YOUR OBJECTIVE:
Below is a listing; repeat exactly the lines from the one containing "Арочный каркас теплицы" to the one containing "A.Vogel Urticalcin à", both included.

DATA EXCERPTS:
>>>>
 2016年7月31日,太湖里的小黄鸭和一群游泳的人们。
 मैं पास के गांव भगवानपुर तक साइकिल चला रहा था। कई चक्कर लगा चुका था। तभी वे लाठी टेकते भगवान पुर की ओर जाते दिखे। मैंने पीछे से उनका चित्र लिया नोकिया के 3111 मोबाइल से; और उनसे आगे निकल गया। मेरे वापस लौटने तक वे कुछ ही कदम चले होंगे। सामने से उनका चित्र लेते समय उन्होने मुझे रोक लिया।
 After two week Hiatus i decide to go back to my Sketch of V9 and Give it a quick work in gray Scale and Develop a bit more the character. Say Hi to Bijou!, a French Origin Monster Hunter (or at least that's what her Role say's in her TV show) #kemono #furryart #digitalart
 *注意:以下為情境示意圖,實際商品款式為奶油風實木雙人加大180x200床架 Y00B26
<<<<
>>>>
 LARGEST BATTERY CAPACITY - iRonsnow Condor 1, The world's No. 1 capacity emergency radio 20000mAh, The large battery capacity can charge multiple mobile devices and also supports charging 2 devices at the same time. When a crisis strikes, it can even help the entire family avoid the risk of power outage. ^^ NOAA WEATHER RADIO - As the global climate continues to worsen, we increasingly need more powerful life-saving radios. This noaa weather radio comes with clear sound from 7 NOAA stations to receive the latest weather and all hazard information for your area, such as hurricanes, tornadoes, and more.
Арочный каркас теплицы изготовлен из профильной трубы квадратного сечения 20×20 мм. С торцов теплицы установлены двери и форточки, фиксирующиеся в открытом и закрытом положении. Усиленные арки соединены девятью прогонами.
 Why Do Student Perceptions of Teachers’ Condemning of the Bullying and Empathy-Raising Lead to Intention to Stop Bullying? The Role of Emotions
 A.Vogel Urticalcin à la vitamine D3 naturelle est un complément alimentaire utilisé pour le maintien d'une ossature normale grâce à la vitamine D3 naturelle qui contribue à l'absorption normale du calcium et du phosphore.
<<<<
>>>>
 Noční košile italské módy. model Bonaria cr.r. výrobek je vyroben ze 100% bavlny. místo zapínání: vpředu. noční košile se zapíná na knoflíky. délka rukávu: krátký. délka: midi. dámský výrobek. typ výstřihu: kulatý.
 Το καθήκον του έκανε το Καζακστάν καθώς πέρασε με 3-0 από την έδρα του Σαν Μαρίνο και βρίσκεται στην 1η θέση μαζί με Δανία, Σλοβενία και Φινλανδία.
<<<<
RESULT OF THE EXERCISE:
Арочный каркас теплицы изготовлен из профильной трубы квадратного сечения 20×20 мм. С торцов теплицы установлены двери и форточки, фиксирующиеся в открытом и закрытом положении. Усиленные арки соединены девятью прогонами.
 Why Do Student Perceptions of Teachers’ Condemning of the Bullying and Empathy-Raising Lead to Intention to Stop Bullying? The Role of Emotions
 A.Vogel Urticalcin à la vitamine D3 naturelle est un complément alimentaire utilisé pour le maintien d'une ossature normale grâce à la vitamine D3 naturelle qui contribue à l'absorption normale du calcium et du phosphore.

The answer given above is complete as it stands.